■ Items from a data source
*-*-*
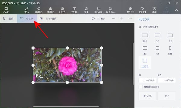 そうしたら、下の線や横の線を、●のマークを押して動かし、完了を押せばトリミング完了です。
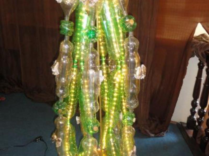 8º Lugar - Elisabeth Cassaro R. Marques – Árvore de garrafa pet e laço de sacola plástica.
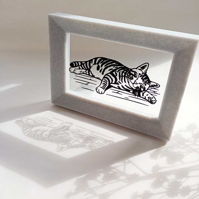 アクリルの透明感と切り絵のような繊細なタッチのアートです。 シンプルながら印象的で、リビングや玄関のインテリアにぴったり。 棚などに立て掛けでも、壁にピン(別売)を打って壁掛けでも、お好みの方法で飾れます。 フレームは6種類ご用意しています。お好きなデザインを選んでください。 ◆商品のサイズ感目安 立て掛け時:W18cm × H13cm × D7cm(スタンド含む) ※額縁デザインによって外形寸法が異なります。上記は目安とお考えください。 ◆素材 額縁:PLA樹脂 / 絵:PLA樹脂 / プレート:アクリル樹脂 ※ご購入前に「SHOPPING GUIDE」をご一読ください。
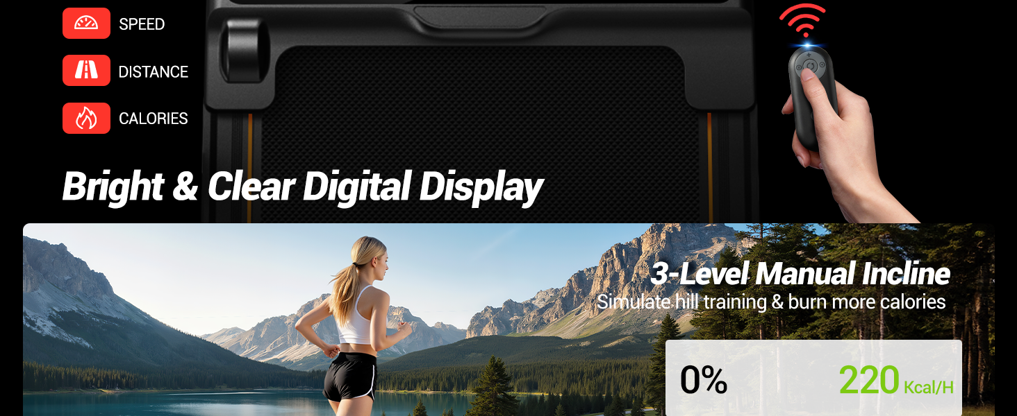 Focus on Your Workout: Equipped with an LED display for real-time tracking of your time, speed, distance, and calories, this walking pad for home office helps you monitor your progress. The included remote control allows you to adjust speed and settings, all without interrupting your workout, so you can stay focused and achieve better results
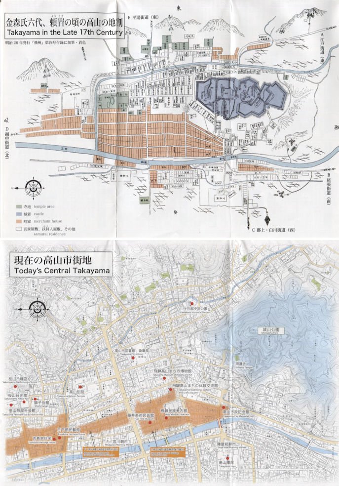 Map of central Takayama in the late 17th century (upper map) and as of today (lower map). The upper map shows the castle in gray on the right, with the merchant district in brown, and the samurai residence uncolored, all basically within the two rivers. This was the original grid-shaped layout of the castle township of Takayama. If you compare this with the lower map, you recognize the merchant district in brown , while the samurai residence and the castle were dismantled in the late 17th century. This map was extracted from a brochure issued by Takayama City "Higashiyama Walking Course". Unfortunately I was not able to find any links for downloading the brochure.
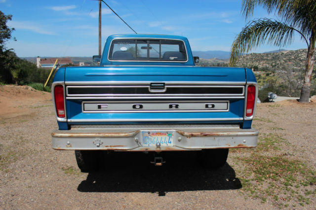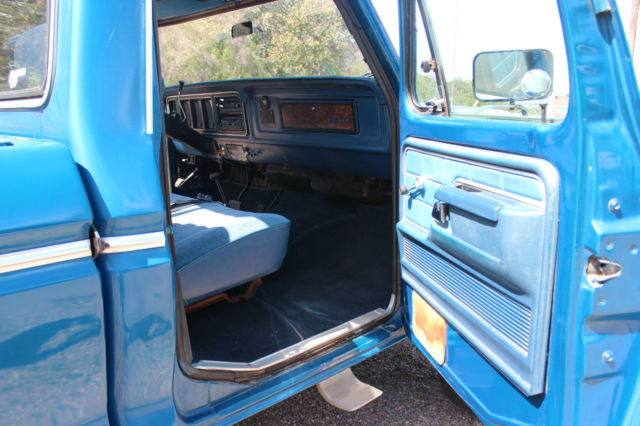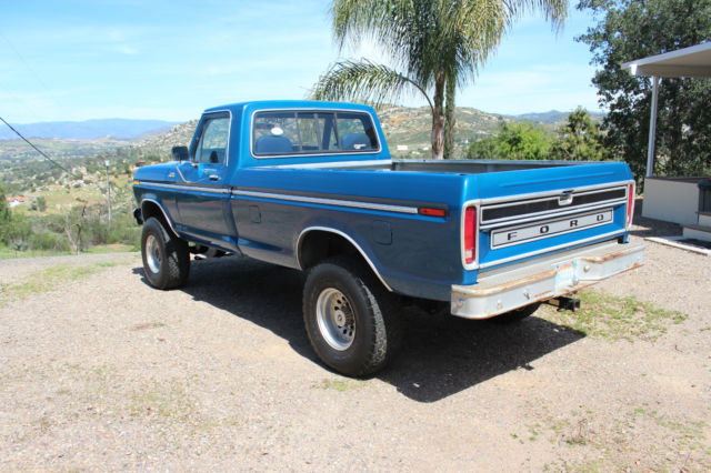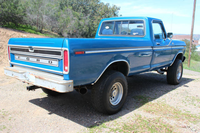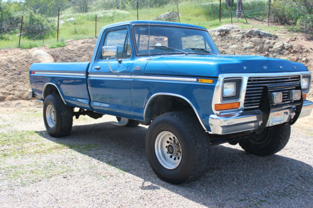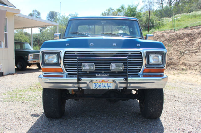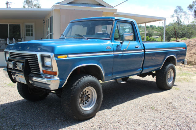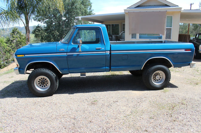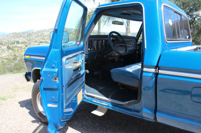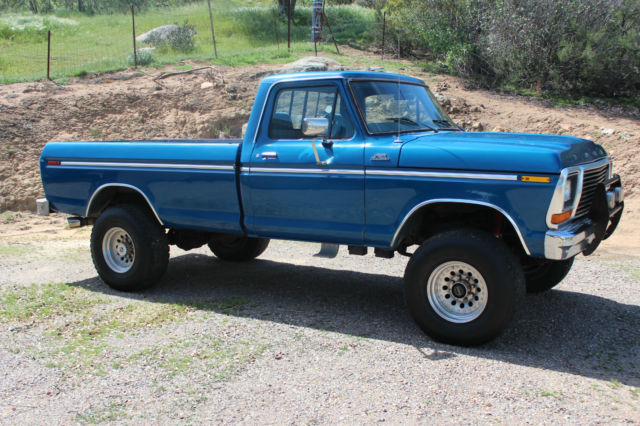 Hi you are looking at a 1979 F 250 Ranger 4x4 PS, PB, Cruise. Warn Locking hubs, Dual tanks. With 94,500 original miles. Engine was rebuilt 30k miles ago, with all new internals and the C6 was completely rebuilt at the same time. 3" Flowmaster exhaust with a 4" polished stainless tip. This truck was a friend of mine that owned the truck for over 25 years. He decided to sell because he never drove it. The truck sat from 2008 and I cleaned the fuel system, rebuilt the carb, put a new fuel pump and battery changed the engine oil and it runs great. All the lights work head, tail and blinkers. All the original smog equipment is on the engine. The interior of the truck is very nice the seat and the headliner have matching material. The body of the truck is very straight and the paint still shines nice. There are a few scratches and chips in the paint, so no it is not a show truck, just a very nice daily driver. The truck had a sunroof at one time and a piece of aluminum has been put over the hole and riveted on. There is a small rust bubble over the windshield and two small spots at the rear of the bed floor. The floors are rust free. The tires are weather checked. All the four wheel drive works properly and so do the brakes. Truck also has a very nice set of polished stainless Perlux driving lights that work. Glenn 760-315-2712
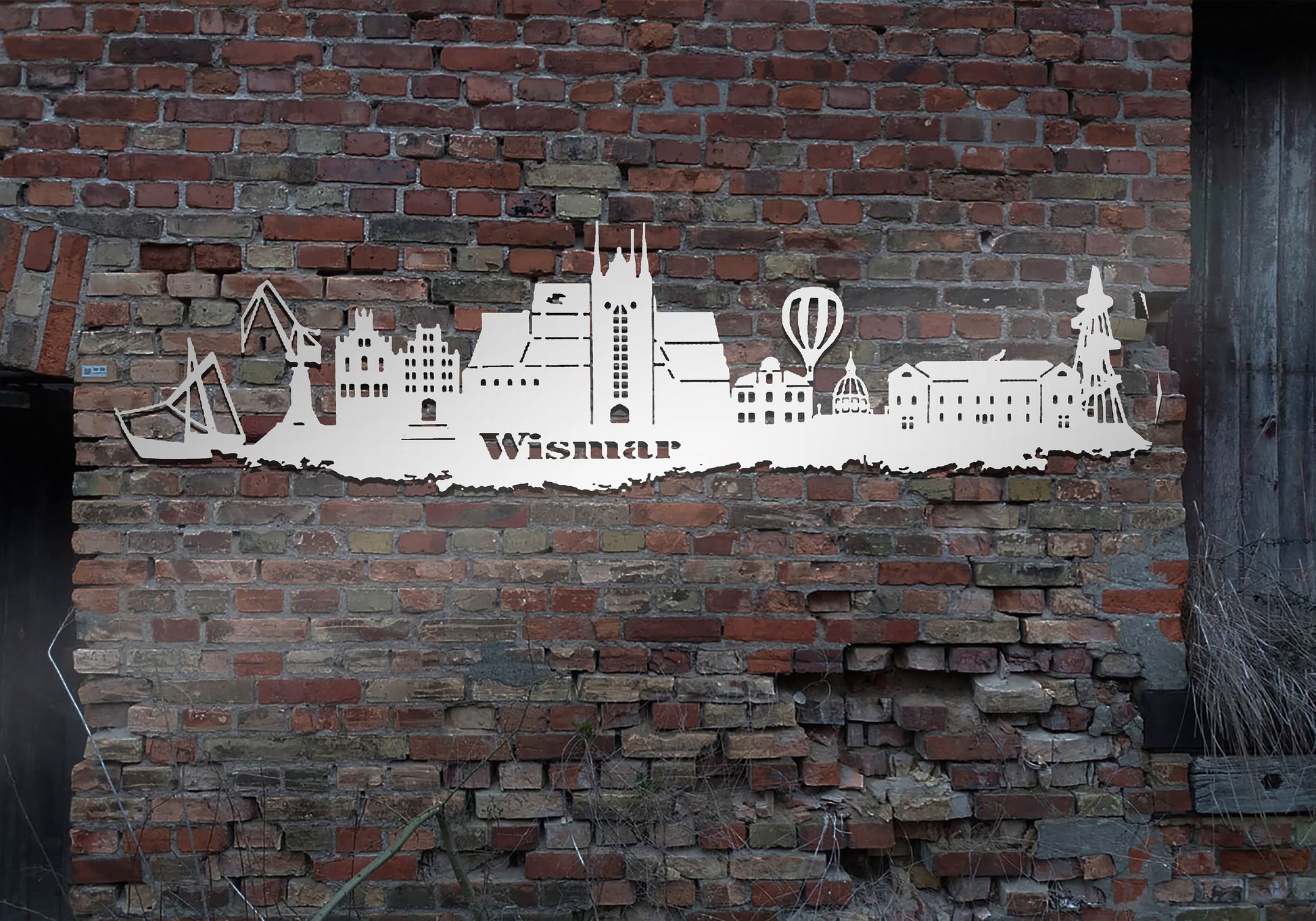 Skyline Metall Wismar Hafen Schild Stahl rostfrei Metallkunst Schild Cortenstahl rostend rostig verrostet Corten
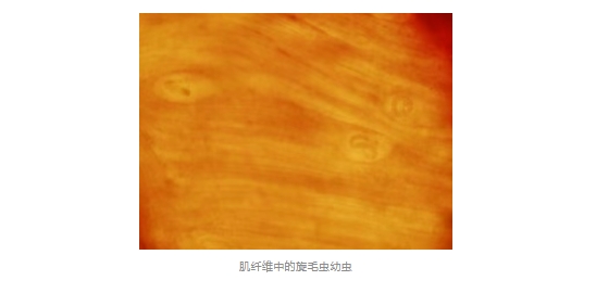 幼蟲期:當(dāng)人們誤食含旋毛蟲的肉制品,肉中的旋毛蟲幼蟲通過人體的胃腸道進入小腸并發(fā)育為成蟲。
*-*-*
■ Work item
Give the lines again word for word, from the start of the records to the line holding "Map of central", both included, and leave out any picture.

■ Result for this task
 そうしたら、下の線や横の線を、●のマークを押して動かし、完了を押せばトリミング完了です。
 8º Lugar - Elisabeth Cassaro R. Marques – Árvore de garrafa pet e laço de sacola plástica.
 アクリルの透明感と切り絵のような繊細なタッチのアートです。 シンプルながら印象的で、リビングや玄関のインテリアにぴったり。 棚などに立て掛けでも、壁にピン(別売)を打って壁掛けでも、お好みの方法で飾れます。 フレームは6種類ご用意しています。お好きなデザインを選んでください。 ◆商品のサイズ感目安 立て掛け時:W18cm × H13cm × D7cm(スタンド含む) ※額縁デザインによって外形寸法が異なります。上記は目安とお考えください。 ◆素材 額縁:PLA樹脂 / 絵:PLA樹脂 / プレート:アクリル樹脂 ※ご購入前に「SHOPPING GUIDE」をご一読ください。
 Focus on Your Workout: Equipped with an LED display for real-time tracking of your time, speed, distance, and calories, this walking pad for home office helps you monitor your progress. The included remote control allows you to adjust speed and settings, all without interrupting your workout, so you can stay focused and achieve better results
 Map of central Takayama in the late 17th century (upper map) and as of today (lower map). The upper map shows the castle in gray on the right, with the merchant district in brown, and the samurai residence uncolored, all basically within the two rivers. This was the original grid-shaped layout of the castle township of Takayama. If you compare this with the lower map, you recognize the merchant district in brown , while the samurai residence and the castle were dismantled in the late 17th century. This map was extracted from a brochure issued by Takayama City "Higashiyama Walking Course". Unfortunately I was not able to find any links for downloading the brochure.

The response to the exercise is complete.